Ukraine submits new ICC evidence on deportation of more than 1,800 prisoners to Russia
A new package of evidence concerning the deportation and unlawful detention in Russia of more than 1,800 Ukrainian prisoners from the Kherson and Mykolaiv regions has been submitted to the Office of the Prosecutor of the International Criminal Court in The Hague, Ukraine’s Prosecutor General Ruslan Kravchenko stated on 21 May, 2026.

In November 2022, Russian forces forcibly transferred these prisoners through temporarily occupied Crimea to penal colonies in Russia. Prosecutors said this was a pre-planned operation, from the seizure of Ukrainian prisons to the detention of prisoners in the aggressor state.
In these penal colonies, Ukrainian prisoners are beaten, tortured, subjected to psychological pressure, threatened with execution, and forced to build Russian military fortifications. Russian citizenship is forcibly imposed on them, while some are unlawfully detained after completing their sentences or rearrested.
These acts constitute war crimes and crimes against humanity under international humanitarian law, Ukraine’s Prosecutor General concluded.

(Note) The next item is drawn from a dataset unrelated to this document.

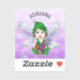 Hand drawn purple background and whimsical Caucasian brunette fairy. Just add name in the personalise area.

The materials submitted to the ICC are based on testimonies from more than 400 victims and witnesses, as well as an analysis of Russian court rulings, official documents, responses from Russian state bodies, and other evidence.
The NGO Protection of Prisoners of Ukraine, the European Prison Litigation Network, and the Kharkiv Human Rights Protection Group participated in preparing the evidence package.
ZMINA previously reported that, as of 7 May, the Prosecutor General’s Office had recorded 256,000 crimes linked to Russia’s aggression against Ukraine. More than 225,000 of them were classified as war crimes.
At the national level, 1,191 people have already been served with notices of suspicion, 856 people have had indictments sent to court, and 254 people have been convicted.